- Screenplay by: Percy Adlon
- Directed by: Percy Adlon
- Starring: Karin Anselm [de] as Caroline Herschel; Rolf Illig [de] as William Herschel; Josef Meinrad as Haydn; Edgar Selge as Alexander Herschel;
- Music by: Joseph Haydn
- Country of origin: West Germany
- Original language: German

Production
- Cinematography: Raimund Maxsein
- Running time: 95 minutes

Original release
- Release: December 26, 1986

= Herschel und die Musik der Sterne =

Herschel und die Musik der Sterne (Herschel and the Music of the Stars) is a 1986 television film written, produced, and directed by Percy Adlon.
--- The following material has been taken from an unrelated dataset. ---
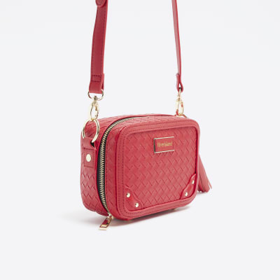 Red Weave Oval Cross Body Bag River Island Very well made.

Anneliese Goldman briefly reviewed the film in 1986, concluding that "The superb nuances and timing of all the performances, together with Haydn's music (in both orchestral and electronic forms) and Adlon's inventive use of video, make this "chamber piece" a treat for the eye, ear and mind."

In 1792, the Austrian composer Joseph Haydn was living in England. In July 1792, he visited the Slough observatory of William Herschel, the astronomer and musician who was famed for his discovery of the planet Uranus and its moons. The film is a fictional account of Haydn's visit including extended conversation with Herschel, viewing of the stars with the telescope, and a romantic interlude with William Herschel's sister and collaborator Caroline Lucretia Herschel. Caroline Herschel was a well-known astronomer in her own right. The film suggests that Haydn's famed oratorio The Creation (1797) was inspired by this visit.

In addition to the narrative of this film, several published works in the last century have speculated about a meeting between Herschel and Haydn in Slough and its possible connection to Haydn's composition of The Creation. However, a summary of recent published work indicates that William Herschel was not present when Haydn visited the observatory, and that there is little if any evidence for a direct influence of Herschel's work with the oratorio.

The elaborate set designs in the film are the work of the sculptor Eduardo Paolozzi.

As of 2022, the film with English subtitles is available from several streaming services. A VHS tape of the film was released in 1986.